Chua was not identified as a drug courier by a police informer or agent. The fact that the
vessel that ferried him to shore bore no resemblance to the fishing boats of the area did
not automatically mark him as in the process of perpetrating an offense. The search
cannot therefore be denominated as incidental to an arrest. To reiterate, the search was
not incidental to an arrest. There was no warrant of arrest and the warrantless arrest did
not fall under the exemptions allowed by the Rules of Court as already shown. From all
indications, the search was nothing but a fishing expedition. Casting aside the regulated
substance as evidence, the same being the fruit of a poisonous tree, the remaining
evidence on record are insufficient, feeble and ineffectual to sustain Chua’s conviction.
PEOLE vs. DE GRACIA
FACTS:
The incidents took place at the height of the coup d'etat staged by ultra-rightist
elements headed by the RAM-SFP against the Government. Starting November 30,
1989, a surveillance was conducted pursuant to an intelligence report that the Eurocar
Sales Office is an establishment being occupied by elements of the RAM-SFP as a
communication command post. On December 1, 1989, Maj. Efren Soria and his team
were conducting a surveillance of the Eurocar Sales Office wherein a crowd was then
gathered. After a while a group of 5 men disengaged themselves from the crowd and
fired their guns at the surveillance team. As a consequence, in December 5, 1989, a
searching team raided the Eurocar Sales Office. They were able to find and confiscate M-
16 ammunition, C-4 dynamites, M-shells and "molotov" bombs inside a room belonging
to a certain Col. Matillano. Also in the office of Col. Mantillano, the accused, Rolando De
Gracia was found holding a C-4 and suspiciously peeping through a door. As a result of
the raid, the team arrested de Gracia. No search warrant was secured by the raiding
team because, according to them, at that time there was so much disorder, and the
courts were closed. The group was able to confirm later that the owner of Eurocar office
is Mr. Gutierrez and that de Gracia is supposedly a "boy" therein. De Gracia was charged
in two separate informations for illegal possession of ammunition and explosives in
furtherance of rebellion, and for attempted homicide. During the arraignment, de
Gracia pleaded not guilty to both charges. However, he admitted that he is not
authorized to possess any firearms. In 1991, the trial court rendered judgment acquitting
de Gracia of attempted homicide, but found him guilty of the other. De Gracia appealed.

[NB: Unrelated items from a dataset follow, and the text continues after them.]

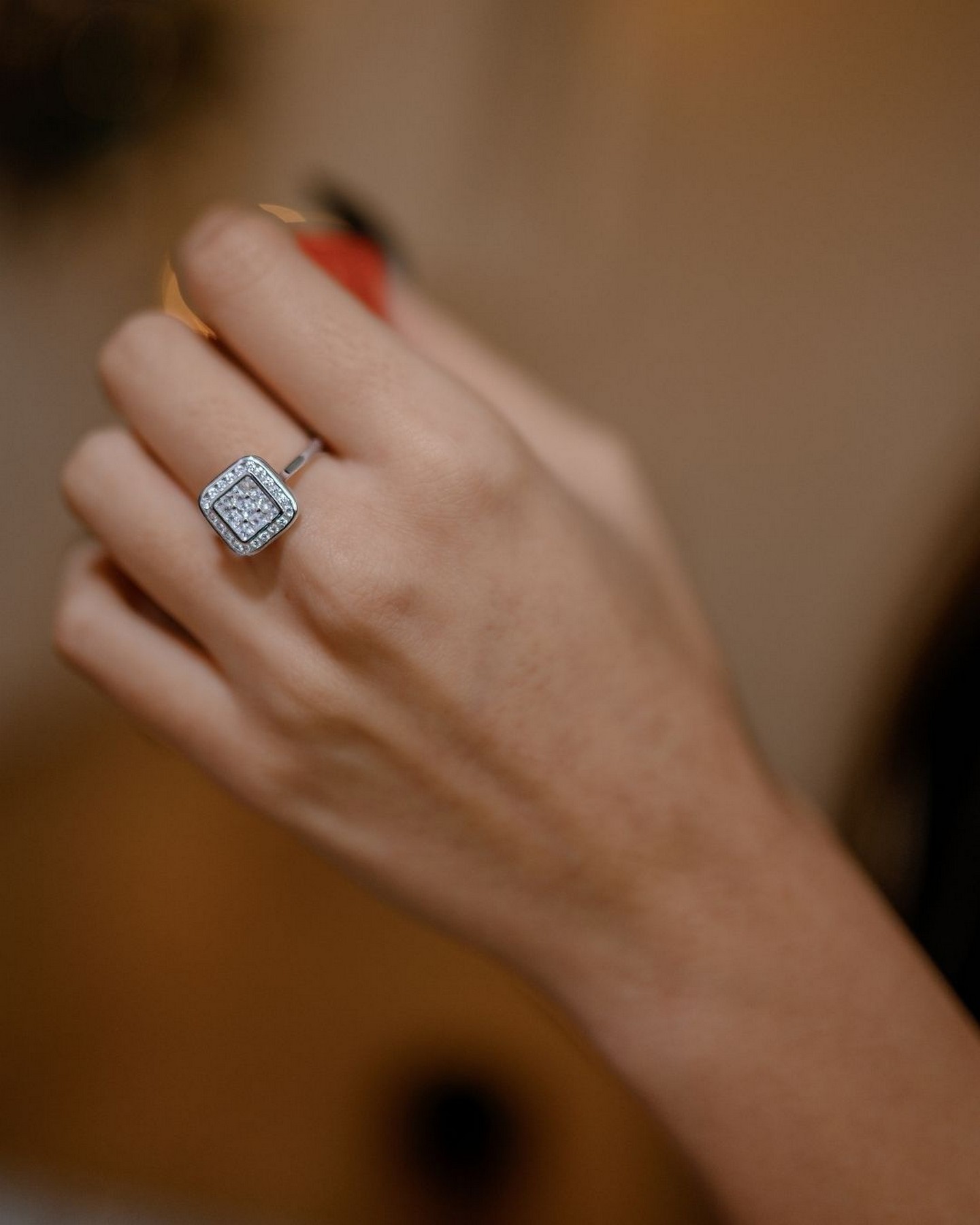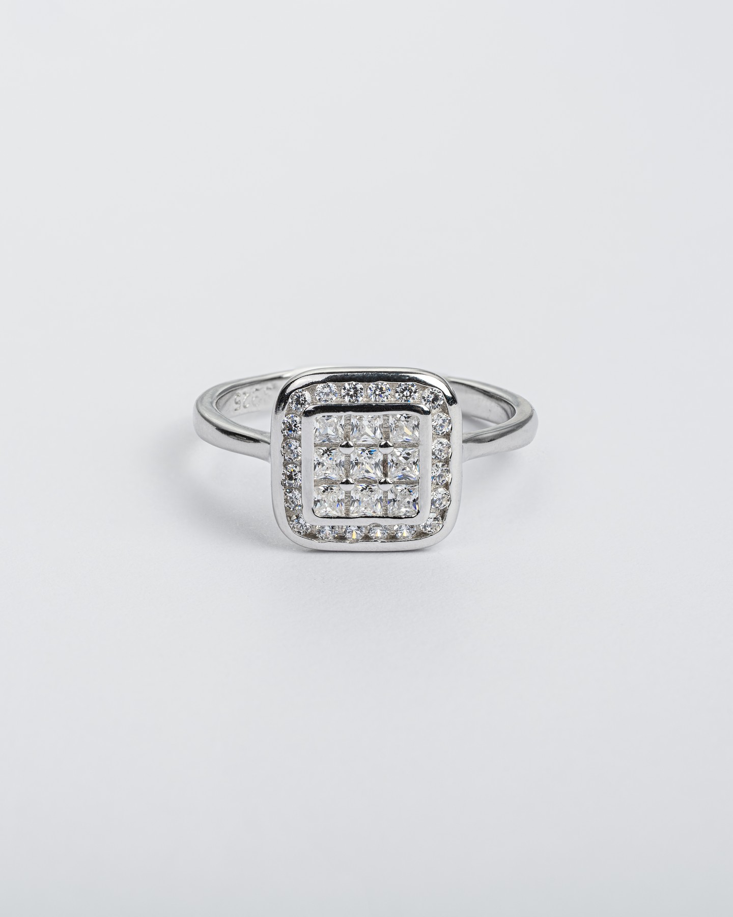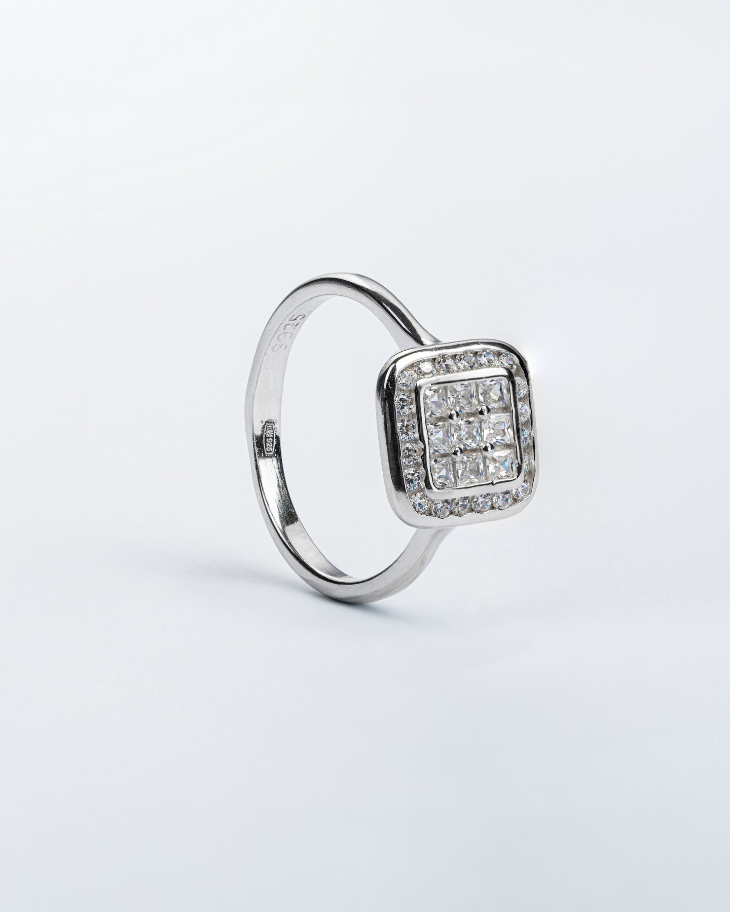 Каблучка срібна Квадрат із цирконієм діамантового огранюванню 007039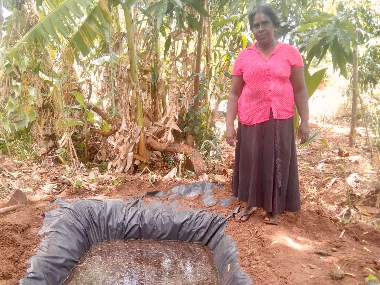 Karunawathi ontvangt de watertank van Egbert. Ze kreeg de kans om de watertank naar haar eigen tuin te halen toen Egbert in Sri Lanka was. Karunawathi was blij met dat moment. Net als andere deelnemers aan het thuiskweekproject kan ze water opslaan in de tank tijdens regenachtige periodes om een constante watervoorziening voor haar tuin te garanderen.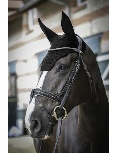 Original avec sa forme carrée sur le chanfrein, ce bonnet en tissage assez épais se pose parfaitement sur la tête du cheval. Ses oreilles en tissu stretch s’adaptent à toutes les morphologies. Marquage PADDOCK Sports sur l'oreille gauche.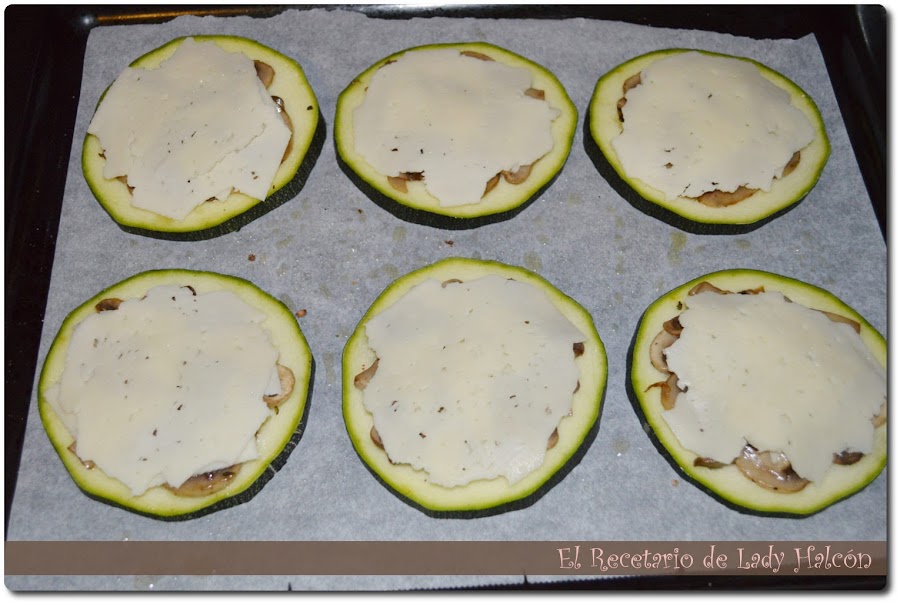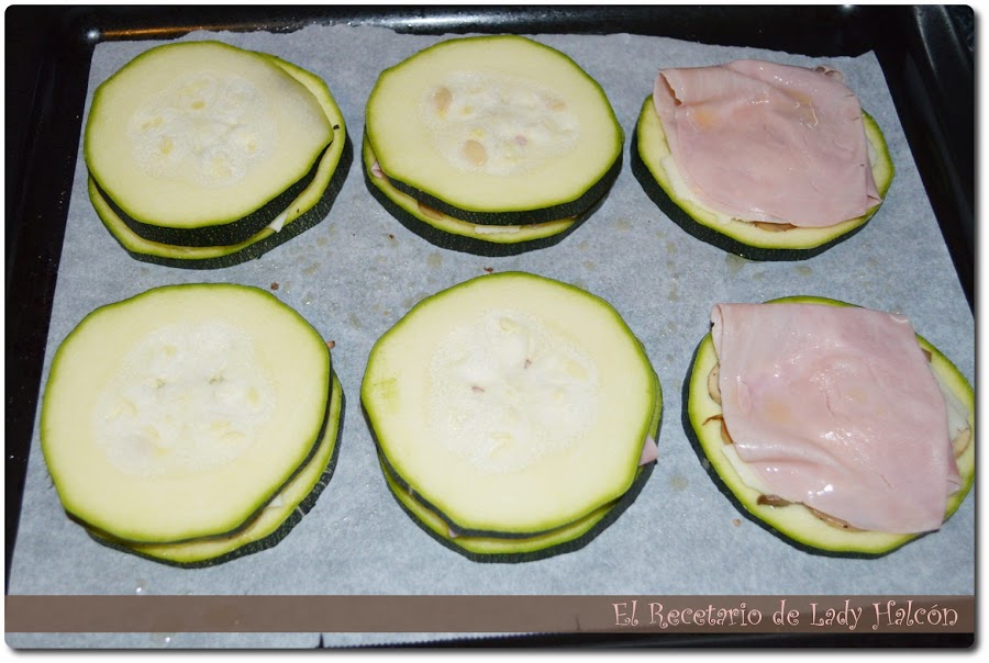 Lava el calabacín y corta doce rodajas gorditas para que no se rompa. Coloca seis sobre la bandeja y reserva las otras seis.

ISSUE: Whether the military operatives made a valid search and seizure?
HELD:
Under the foregoing circumstances, the case falls under one of the exceptions to
the prohibition against a warrantless search. In the first place, the military operatives,
taking into account the facts obtained in this case, had reasonable ground to believe that
a crime was being committed. There was consequently more than sufficient probable
cause to warrant their action. Furthermore, under the situation then prevailing, the
raiding team had no opportunity to apply for and secure a search warrant from the
courts. The trial judge himself manifested that on 5 December 1989 when the raid was
conducted, his court was closed. Under such urgency and exigency of the moment, a
search warrant could lawfully be dispensed with.